Это открытие привело меня в ужас. Я не желала никого любить, особенно Генри Кавендиша, прославленного композитора, английского аристократа, завзятого холостяка, за которым тучами роились великосветские невесты. Мне этого было вовсе не нужно, я не хотела ни его славы, ни его имени, ни дома, а больше всего не хотела терять свою свободу. Влипнуть, как тогда, с Болдиным, стать бесплатным приложением к чьим-то творческим амбициям… Нет, никогда больше!
В тот вечер я под каким-то благовидным предлогом сбежала из дома Генри. Работа над пьесой была почти закончена, и в следующие несколько недель я доводила ее до совершенства дома, в своей небольшой квартирке в Хемпстеде. На звонки его вежливо отвечала, что сейчас очень занята и приехать поработать вместе никак не смогу. Я была полна решимости вытравить это никому не нужное чувство из сердца, не видеться с Генри до тех пор, пока этого не произойдет, закрыться, забаррикадироваться, чтобы ничто не могло нарушить мою годами выпестованную самодостаточность. Страх того, что надвигалось на меня с какой-то неотвратимостью, был настолько велик, что, закончив пьесу и по электронной почте отослав ее Роберту, я улетела в Россию.
Моя страна сильно изменилась за прошедшие десять лет. Если улетала я из голодной Москвы, в которой большая часть жителей едва наскребала на хлеб, а меньшая – перепродавала друг другу советские заводы и фабрики и постреливала ночами из окон шикарных «Мерседесов», то теперь, приезжая навестить родителей, я оказывалась в городе, мало чем отличавшемся от уже знакомых мне европейских столиц. Машины, витрины, рекламы, кафе – все было примерно таким же и больше не сбивало с ног диким контрастом.
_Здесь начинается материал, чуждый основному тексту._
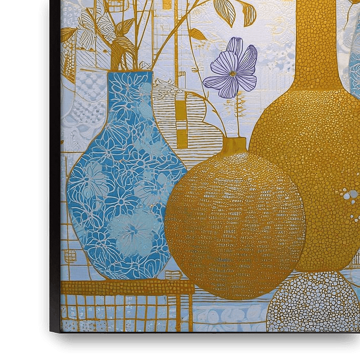 Details: flowers, vases, lilac, gold, modern art, still life, colourful, interior, decoration,…

В один из дней этого моего добровольного изгнания с туманного Альбиона мы встретились на Чистых прудах с моим студенческим другом Стасом. Стояло пыльное московское лето, в воде перед нами плавали деловитые утки, дробя отражавшиеся в зеркальной поверхности силуэты старых домов. Стас, ставший за это время ведущим актером МХАТа, сильно изменился. В нем не было больше той юношеской легкости, скоморошестости, таких характерных для него раньше. Серьезные, глубокие роли, ежедневный труд – уж мне ли было не знать, как тяжела актерская профессия, – наложили свой отпечаток. И друг мой показался мне каким-то нервным, усталым, но в то же время по-прежнему обаятельным и внимательным. Он, как и в былые годы, слушал меня, смотрел весело, и все же в его глазах я, как и раньше, видела то странное, неуловимое, что смущало меня с первых лет нашего знакомства. Он будто бы все эти годы ждал от меня чего-то, а может, ждал подходящего момента, чтобы что-то сказать…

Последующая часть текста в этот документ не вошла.